For people who consider these ingredients to be non-vegan, the presence of mono and diglycerides means that, technically, Twinkies would not qualify as vegan snacks.
Soy Protein Isolate
Soy protein isolate is a form of soybean that retains the protein but has no other nutritional content. It is primarily used as a binding agent for baked goods.
Sorbic acid is a preservative that keeps cakes from growing mold.
This ingredient is an alternative to fat, making the filling creamy and smooth.
This ingredient is mainly used to enhance the appearance and taste of the cake.
Sodium Stearoyl Lactylate
Sodium stearoyl lactylate is used in Twinkies to give the dough more strength, and also for emulsifying oils and liquids. Additionally, it can take the place of a small portion of sugar and fat.
As you might be aware, Twinkies contain beef fat which is not vegan-friendly and acts as a preservative in order to give it longer shelf life.
Are Twinkies Good For You?
Though some studies may claim that Twinkies could be healthy for you compared to energy bars, the truth is that Twinkies still contain a high amount of fat and sugar—so they are not ideal if you are overweight or obese.
One Twinkie contains roughly 135 calories, and when you look at its list of ingredients, you’ll find more than 30 ingredients, a majority of which most people likely can’t identify.
These include corn syrup, wheat flour, sugar, hydrogenated vegetable oil, canola oil, cottonseed oil, and beef oil. This combination of unhealthy ingredients makes the Twinkie far from the best option out there when it comes to nutritional value.
Though the low fat and calorie count might make them tempting for dieters in a pinch, these treats should not be considered part of one’s regular diet—especially if weight loss is your goal. If you decide to give in every once in a while, just keep it as an occasional treat.
If you’re following a vegan diet and looking for something that tastes like Twinkies, there may not be a lot of vegan-friendly snacks. However, it’s possible to bake your own vegan-friendly version of Twinkies.

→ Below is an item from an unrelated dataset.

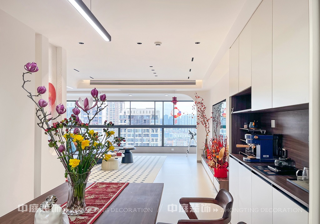 將開闊的落地窗化作風(fēng)雨的畫框,讓清晨的陽光與夜晚的燈火在此交融。這套房子設(shè)計(jì)理念上,立足居住者對(duì)舒適、品質(zhì)與情感共鳴的需求,將都市的快節(jié)奏與家的溫馨慢生活相融合,每一處細(xì)節(jié)都在詮釋:現(xiàn)代簡(jiǎn)約不只是風(fēng)格,更是對(duì)生活質(zhì)感與情感歸屬的雙重營(yíng)造。
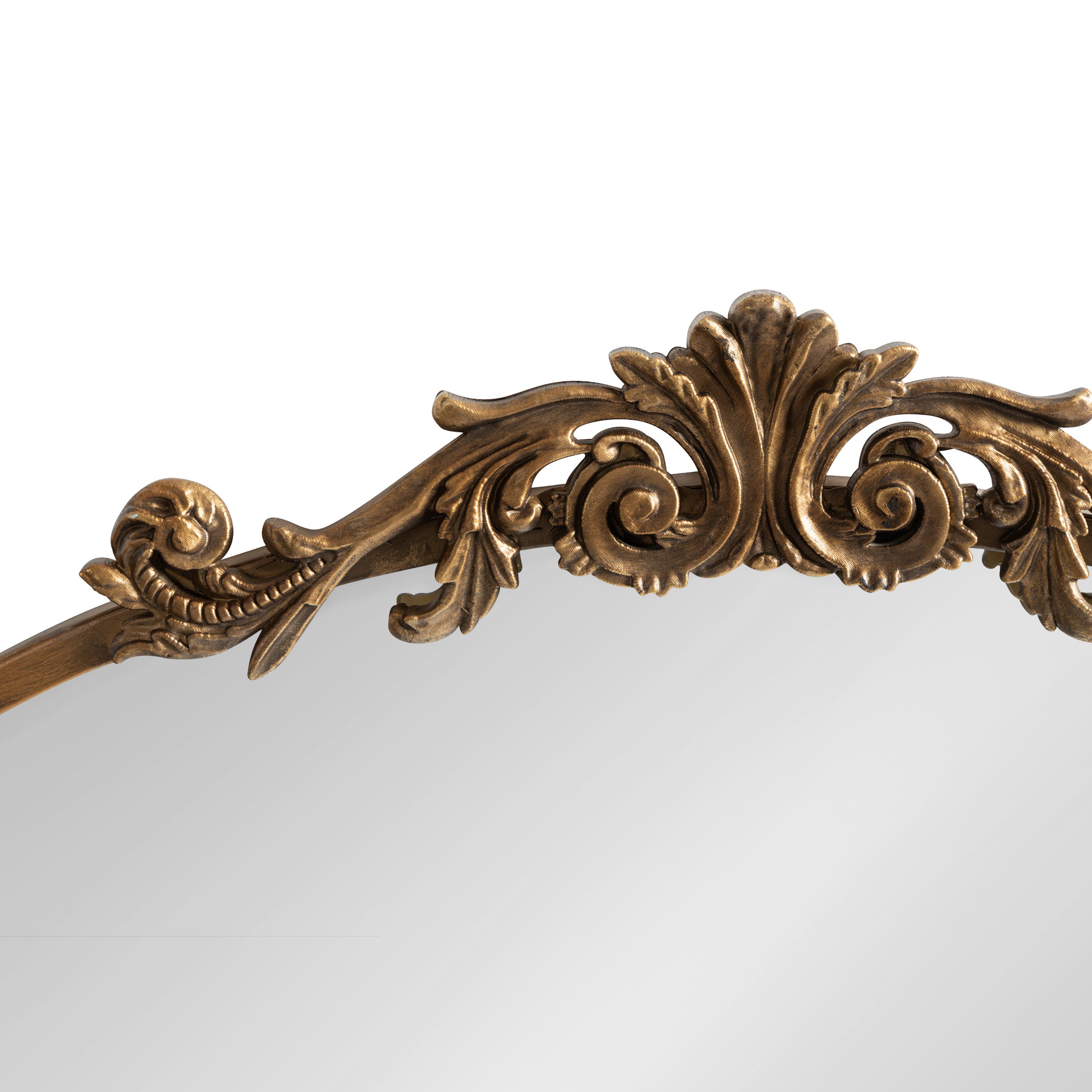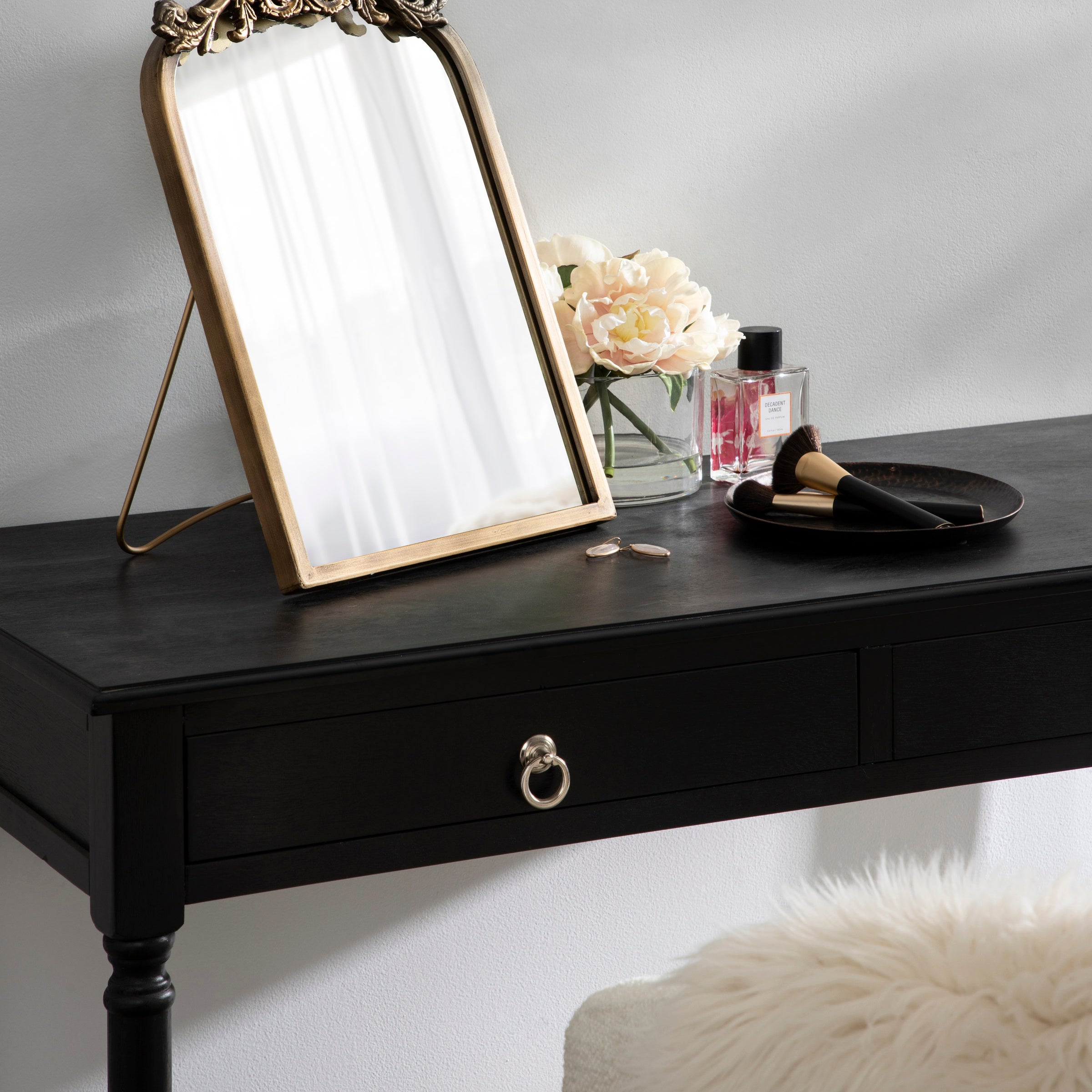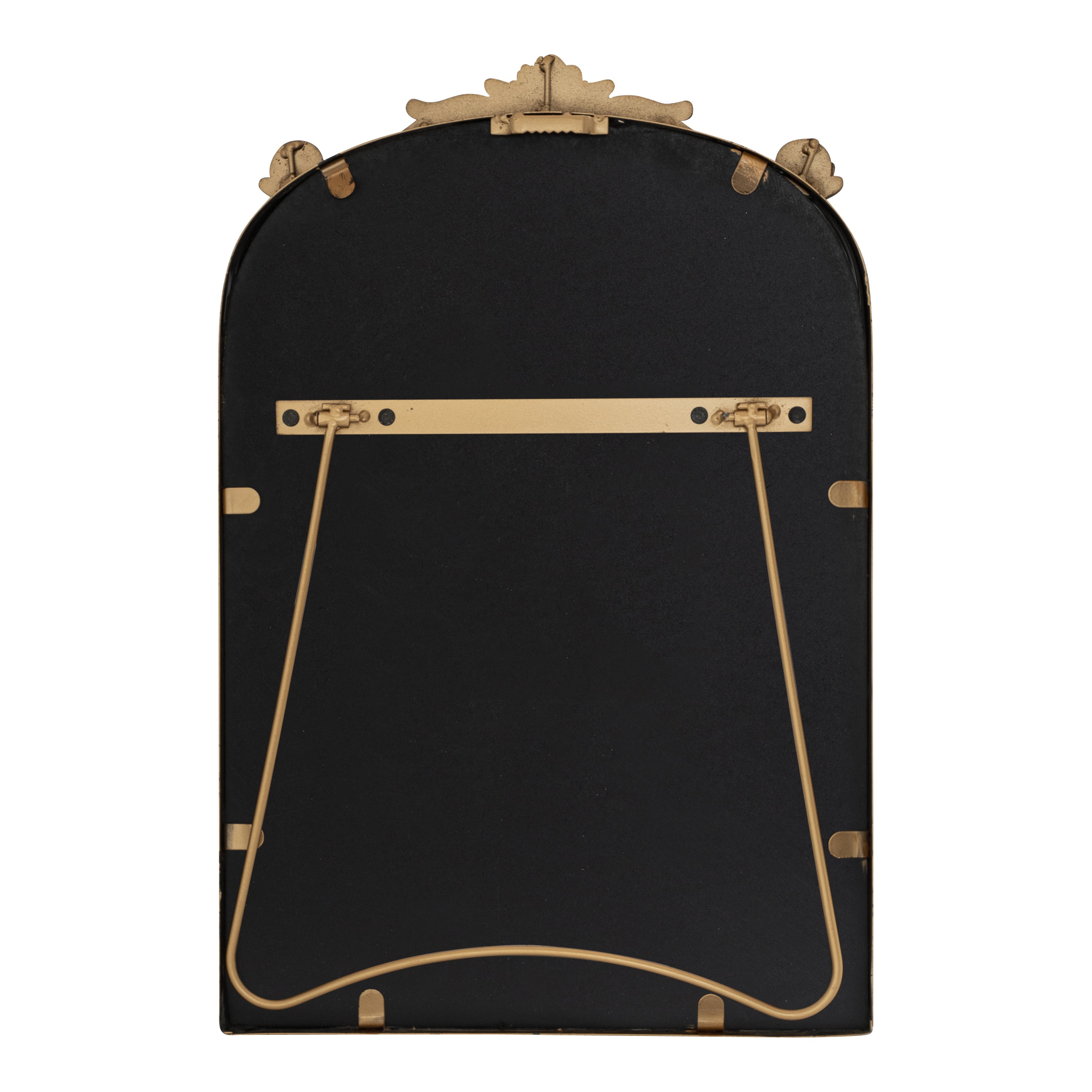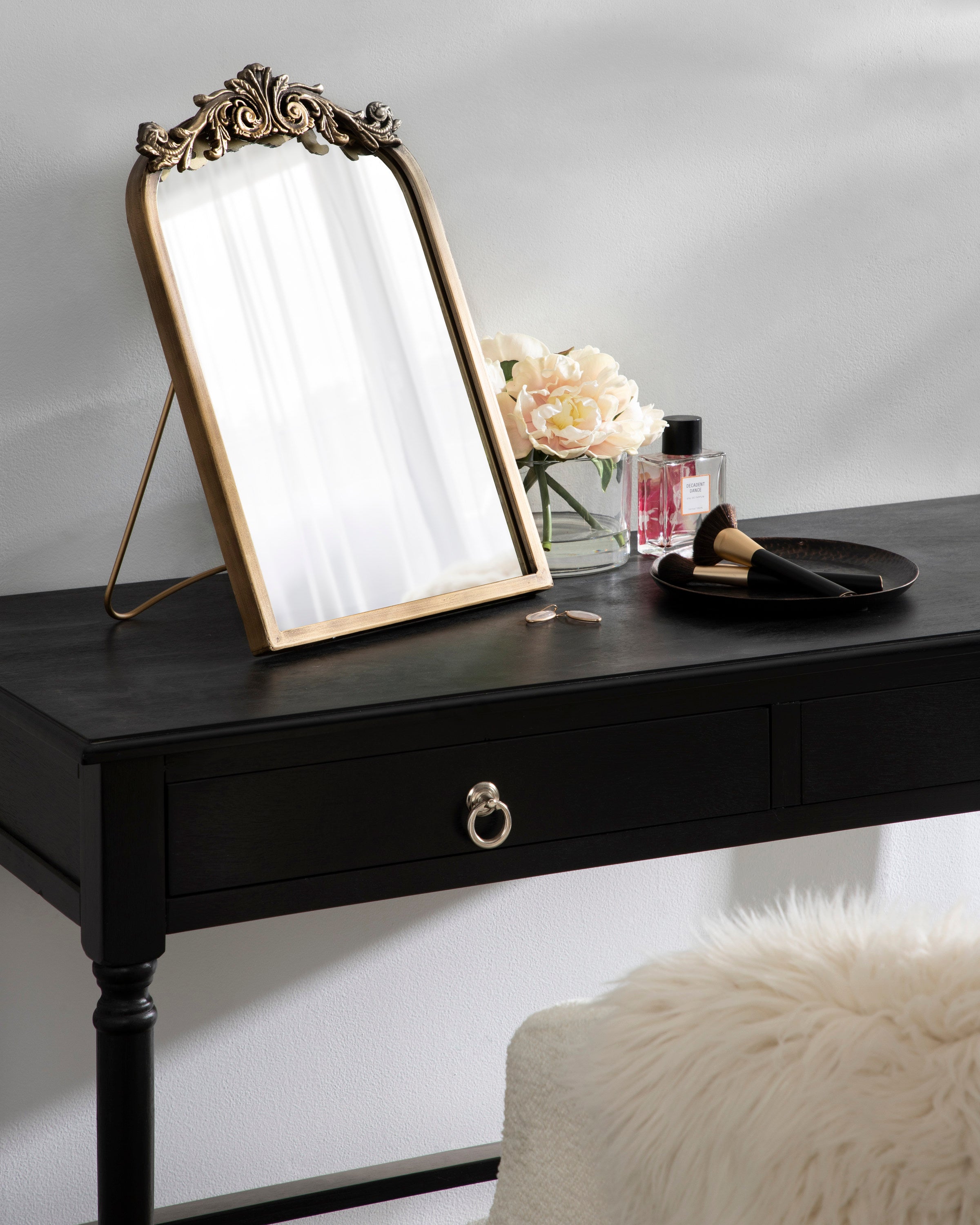 Give your console, vanity, or side table a dazzling centerpiece inspired by traditional aesthetics with the Arendahl tabletop mirror. Inspired by Baroque design, the Arendahl mirror features an ornate garland crown that flows into a resilient and dazzling iron frame. Bring your gorgeous and glamorous aesthetic to life with its eye-catching antique finish, bringing an element of sophistication to your table. Due to its hand-finished craftsmanship, each piece may vary in appearance. It's fantastic as a conversation piece in any living room, dining room, entryway, or bedroom.

The benefit of making your own Twinkies is that you can avoid the non-vegan ingredients such as beef fat and egg found in store-bought Twinkies. Plus, you can customize the flavor by adding your own touches to the recipe. You can use plant-based dairy alternatives or different kinds of fruit extract to make various flavors.
Making your own vegan Twinkies also gives you more control over the ingredients so that you can be sure they are all cruelty-free and sustainable. There are plenty of delicious vegan recipes available online, so try out different ones and see which one fits best with your taste.

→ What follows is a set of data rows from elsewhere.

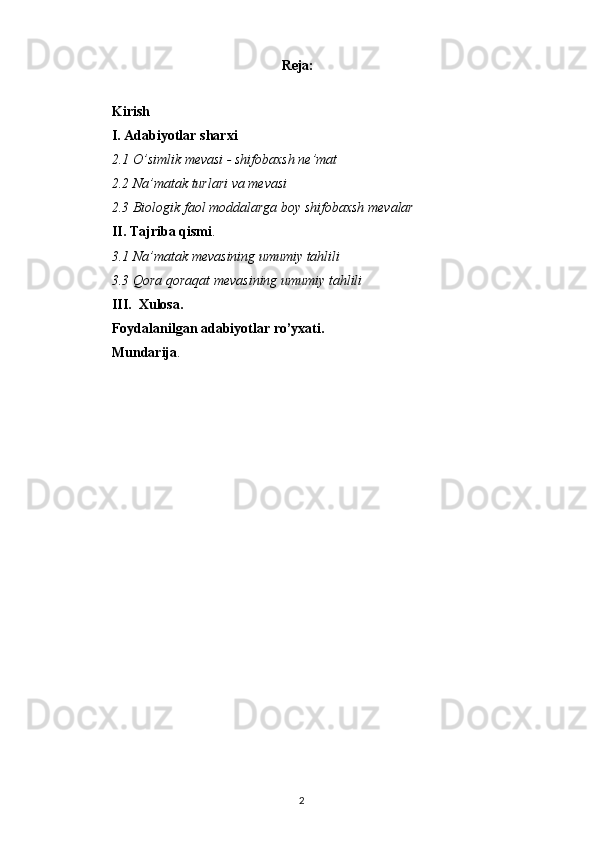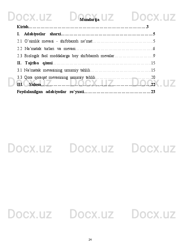 O’simliklarning mevasi- shifobaxsh preparatlar olish uchun manba
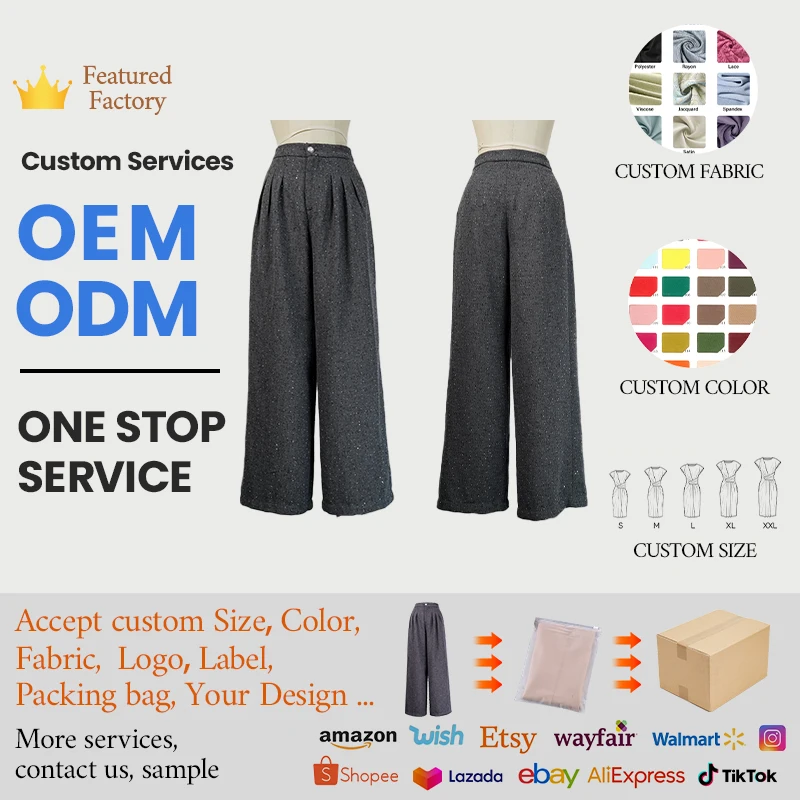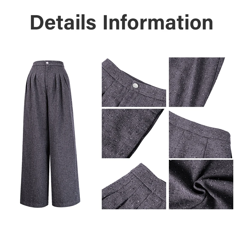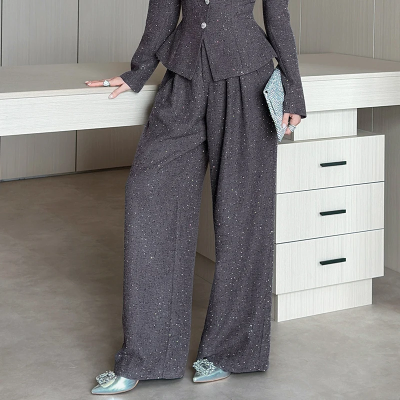 ZYHT 35365 Pants Women Gray Sparkly Wide-Leg Pants with High Waist & Pleated Design Pants for Women Women Pant
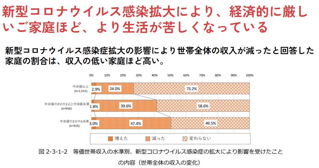 そんな状況の中を襲った、新型コロナウイルスの感染拡大という未曾有の事態は、特に経済的に厳しい状況に置かれるご家庭に大きな打撃を与えました。
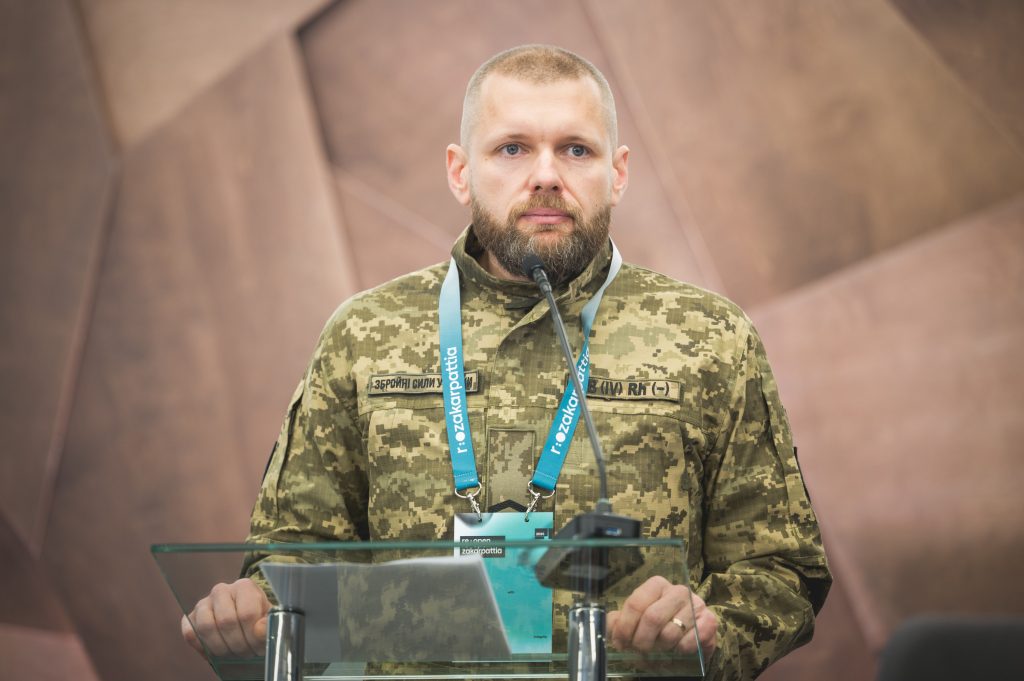 Відкрив форум науковець, доброволець, військовослужбовець самохідного артилерійського дивізіону 128 окремої гірсько-штурмової бригади із Закарпаття Віктор Трошкі.

With homemade vegan Twinkies, you won’t have to sacrifice flavor and will still support a cruelty-free lifestyle!
When it comes to Twinkies, the answer is clear they are not suitable for someone who follows a strict vegan diet. Since beef fat and egg are included in their ingredients, vegans should avoid eating them.
However, there are still many vegan snacks available that are just as tasty as Twinkies! It’s important to always do the required research when shopping for groceries and double-check labels so you can maintain your vegan lifestyle without having to sacrifice taste.
Hey'all I'm Amy, a born foodie and diagnosed with celiac disease 7 years ago. I refused to cave into tasteless, boring gulten free food and create my own!
On my blog you'll find info & cool facts along with recipes, all on gluten free foods!